Source material:
════
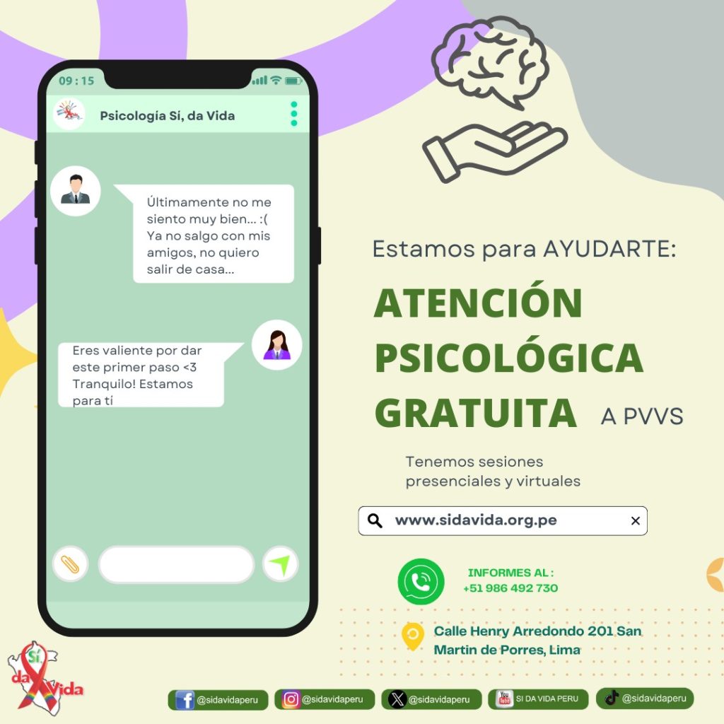No enfrentes estos desafíos en soledad. Rodearte de una red de apoyo, ya sea a través de amigos, familiares o grupos comunitarios, puede marcar una gran diferencia en tu bienestar emocional. En nuestra ONG SI,DA VIDA , ofrecemos un servicio gratuito de psicología dirigido especialmente a PVVS. Contáctanos al +51 986 492 730 y da el primer paso hacia un mejor bienestar emocional y calidad de vida.
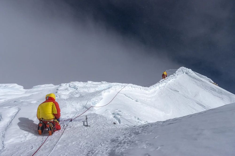 Виталий Шипилов: У нас большой опыт, и сидячая ночевка - не первая в жизни. Раз уж мы там оказались, надо было не жаловаться, а выходить из положения. Но эта ночевка вытянула силы и притормозила нас. Когда добрались до вершины, испортилась погода. Мы даже не смогли собраться вместе: если бы первые стали ждать, они бы сильно замерзли. Нас сдувало с этого гребня. Налетела какая-то чернота, ветер влупил так, что мы прижались к земле, было трудно дышать. Никакой эйфории, групповых фото - не до этого. Секунд двадцать на вершине - и вниз. Единственная мысль - как побыстрее уйти, безопасно спуститься. Я снял рукавицу и попытался включить экшен-камеру. Пальцы обморозились моментально, потом кожа вздулась волдырями, болела. Но впереди был спуск, надо терпеть.
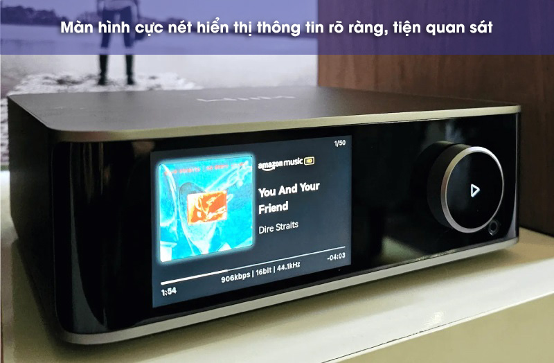 Thiết bị cho phép người dùng dễ dàng truyền phát nhạc với âm thanh 24-bit/192 kHz từ các nền tảng như Spotify, Amazon Music, TIDAL, Qobuz hoặc thư viện của riêng bạn lưu trữ trong USB.
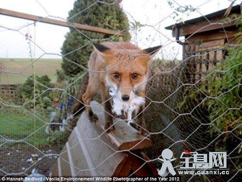 今年11岁的英国女孩汉娜(Hannah Bedford)家中饲养了4只母鸡。一天早晨,她准备上学时,突然发现家中的鸡舍上站着一只动物。她起初以为是只狗,但细看,竟然是一只满嘴鸡毛的狐狸。汉娜立刻抓起相机,拍下了这只偷鸡的狐狸。
════
Work order:
Go through the material above and retype every line exactly, without the images.

Task result:
No enfrentes estos desafíos en soledad. Rodearte de una red de apoyo, ya sea a través de amigos, familiares o grupos comunitarios, puede marcar una gran diferencia en tu bienestar emocional. En nuestra ONG SI,DA VIDA , ofrecemos un servicio gratuito de psicología dirigido especialmente a PVVS. Contáctanos al +51 986 492 730 y da el primer paso hacia un mejor bienestar emocional y calidad de vida.
 Виталий Шипилов: У нас большой опыт, и сидячая ночевка - не первая в жизни. Раз уж мы там оказались, надо было не жаловаться, а выходить из положения. Но эта ночевка вытянула силы и притормозила нас. Когда добрались до вершины, испортилась погода. Мы даже не смогли собраться вместе: если бы первые стали ждать, они бы сильно замерзли. Нас сдувало с этого гребня. Налетела какая-то чернота, ветер влупил так, что мы прижались к земле, было трудно дышать. Никакой эйфории, групповых фото - не до этого. Секунд двадцать на вершине - и вниз. Единственная мысль - как побыстрее уйти, безопасно спуститься. Я снял рукавицу и попытался включить экшен-камеру. Пальцы обморозились моментально, потом кожа вздулась волдырями, болела. Но впереди был спуск, надо терпеть.
 Thiết bị cho phép người dùng dễ dàng truyền phát nhạc với âm thanh 24-bit/192 kHz từ các nền tảng như Spotify, Amazon Music, TIDAL, Qobuz hoặc thư viện của riêng bạn lưu trữ trong USB.
 今年11岁的英国女孩汉娜(Hannah Bedford)家中饲养了4只母鸡。一天早晨,她准备上学时,突然发现家中的鸡舍上站着一只动物。她起初以为是只狗,但细看,竟然是一只满嘴鸡毛的狐狸。汉娜立刻抓起相机,拍下了这只偷鸡的狐狸。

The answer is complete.